By 2028 that capacity will grow with a 30,000-seat baseball stadium rising on the former Tropicana site. With baseball and football seasons complementing each other, Vegas will soon have, as Hill puts it, “a pro sports game every other day.”
Even Downtown, long the nostalgic counterpoint to the Strip, has been pulled into the current. At Stadium Swim inside Circa Resort & Casino, sports fans can swim in six heated pools arranged like an amphitheater and order bottle service while watching the Golden Knights on a 143-foot screen. Below it, the “world’s biggest sports book” towers three stories high, packed with punters perched on the edge of blue banquettes, betting slips and tablets in hand.
Sports books were once side acts, but they’re now where Vegas’s two identities—sports and spectacle—meet. “Sports betting used to be an amenity; now it moves the needle,” says Lamarr Mitchell, director of trading at BetMGM, where home-game nights mean standing-room-only crowds.

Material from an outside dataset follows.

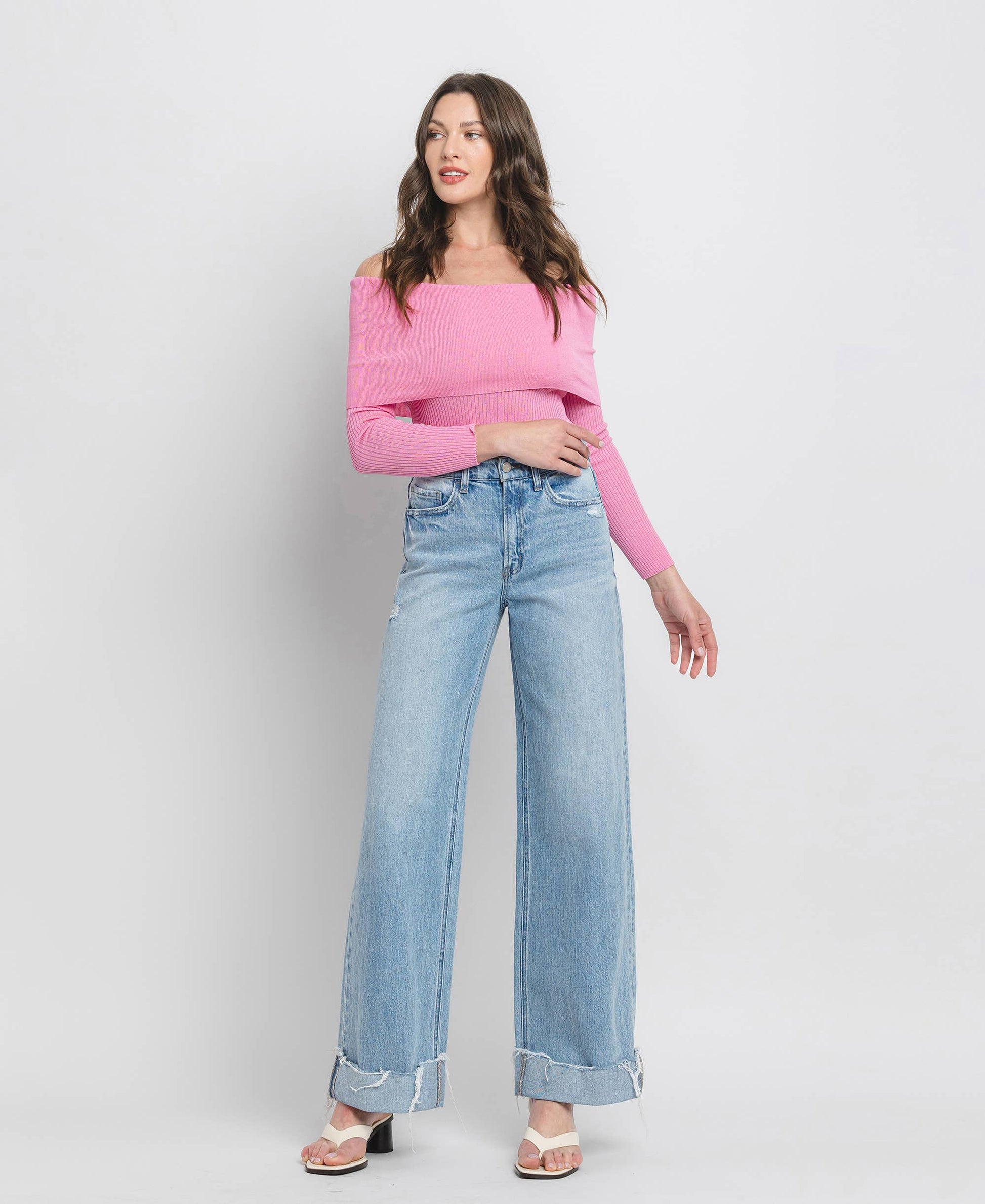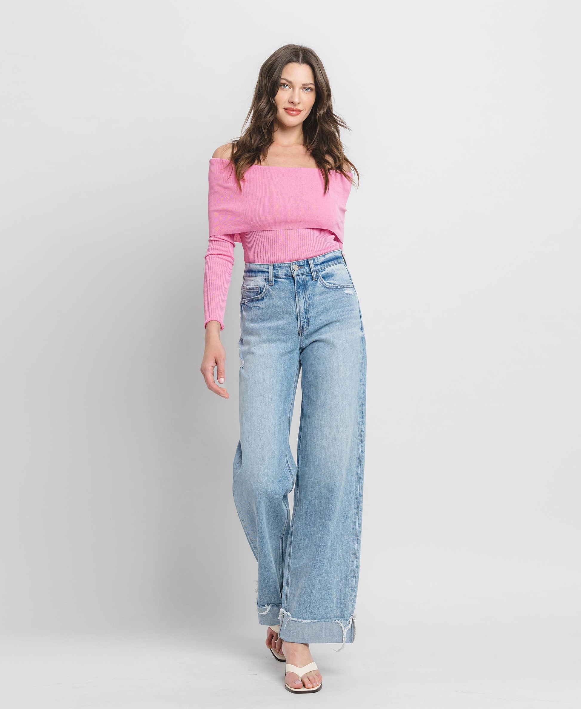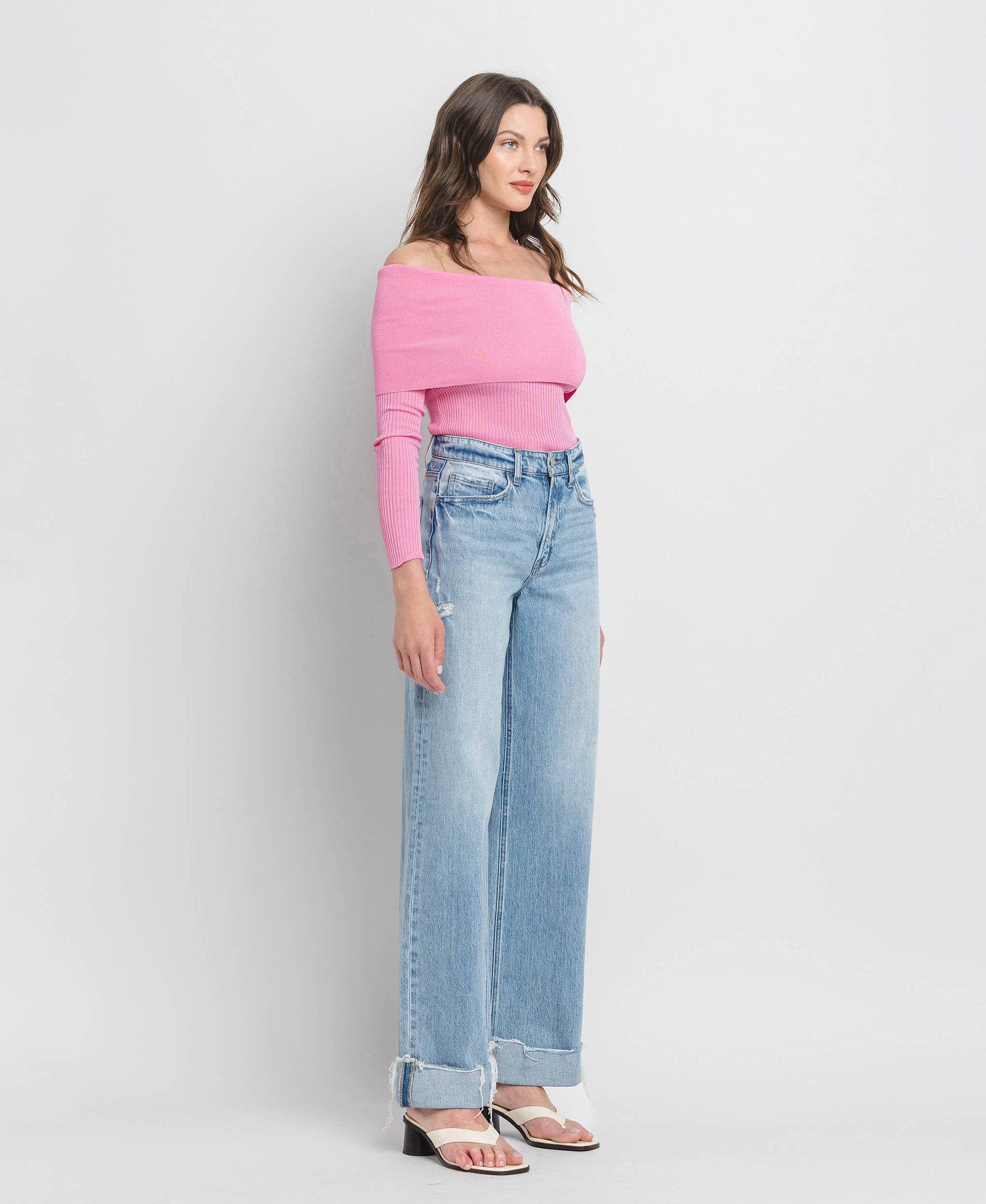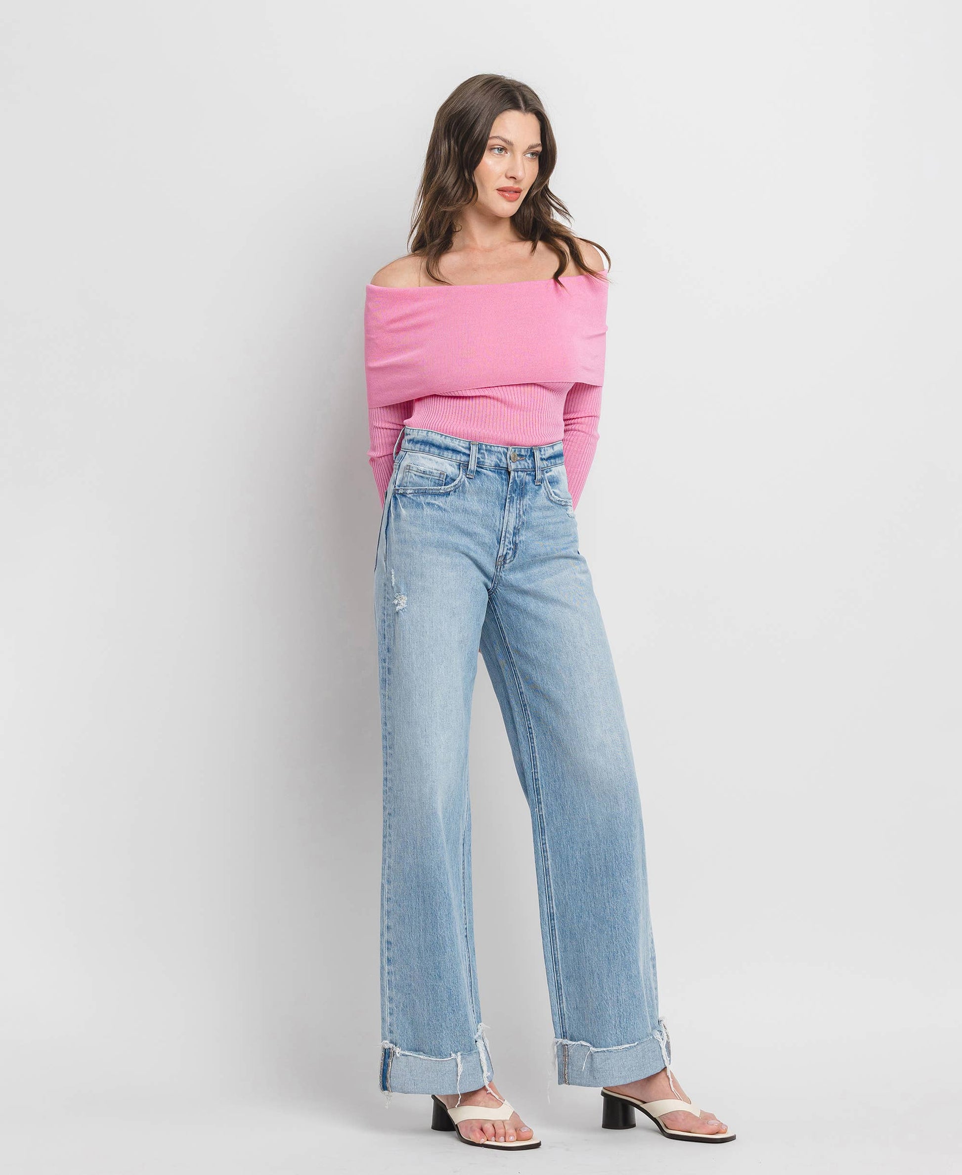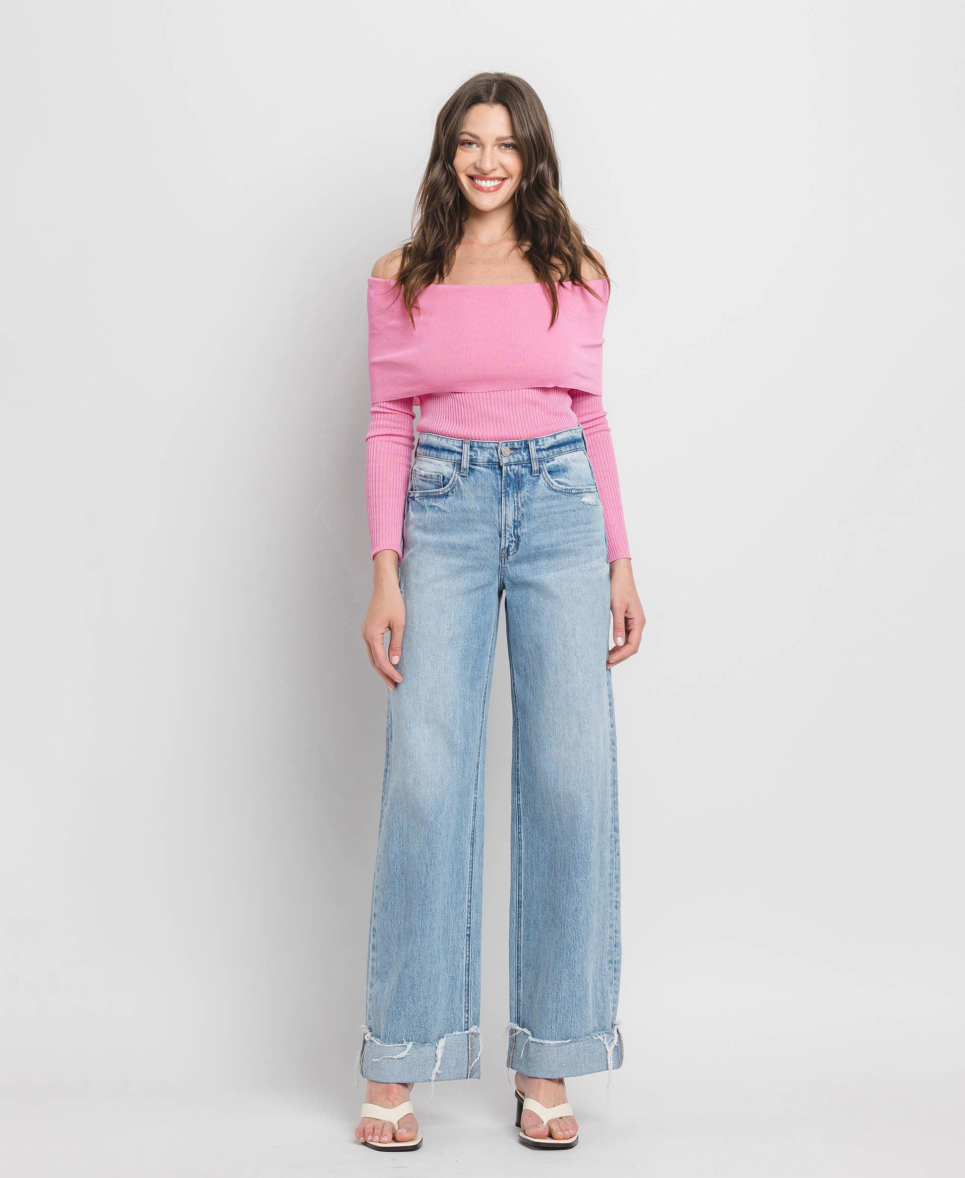 SUPER HIGH RISE CUFFED BAGGY WIDE LEG JEANS COMFORT STRETCH DENIM, SUPER HIGH RISE WAIST, SINGLE CUFF HEM, FULL LENGTH, BAGGY WIDE LEG JEANS F. RISE: 11" / INSEAM: 32" / LEG OPENING: 22" / CUFF: 3" X 1 MODEL IS 5'9" WEARING SIZE 26
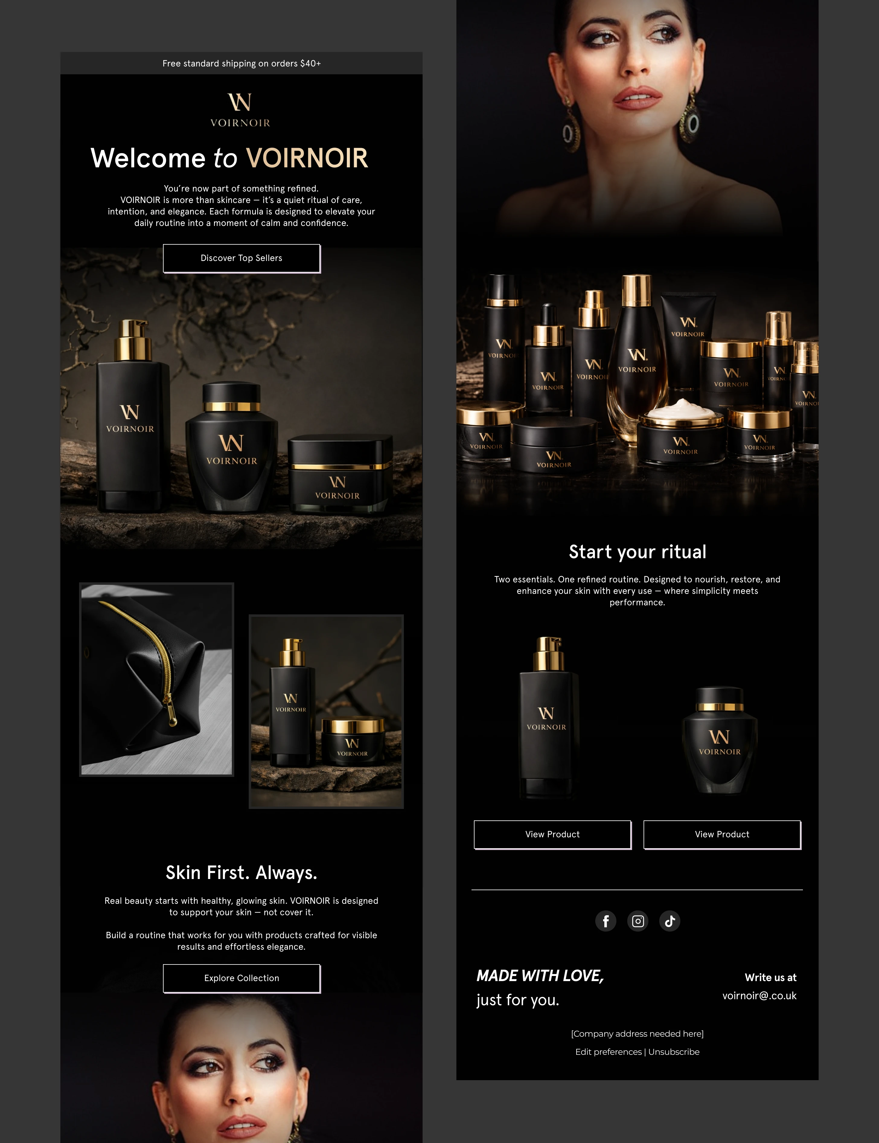 A premium welcome email design created for a fictional luxury skincare brand, VOIRNOIR.

That, Hill says, is the point: Sports doesn’t replace Vegas’s foundations—it supersizes them. The morning after the race, I step out of the Bellagio. Raiders fans in black Crosby jerseys have already taken over for the Sunday game. I spot a group in F1 team caps strolling by. Were they at the race? “No,” one says, pointing to a rooftop bar, “but we had the best seats in the house.” After the checkered flag, they squeezed in dinner at Mother Wolf, partied at Liv, then hit Eggslut for a bacon, egg, and cheese brioche that was, as they put it, “fucking great.”
Suddenly my own choices—race, then bed—feel painfully underwhelming. After all, it’s still Vegas, where the game may end but the show never stops.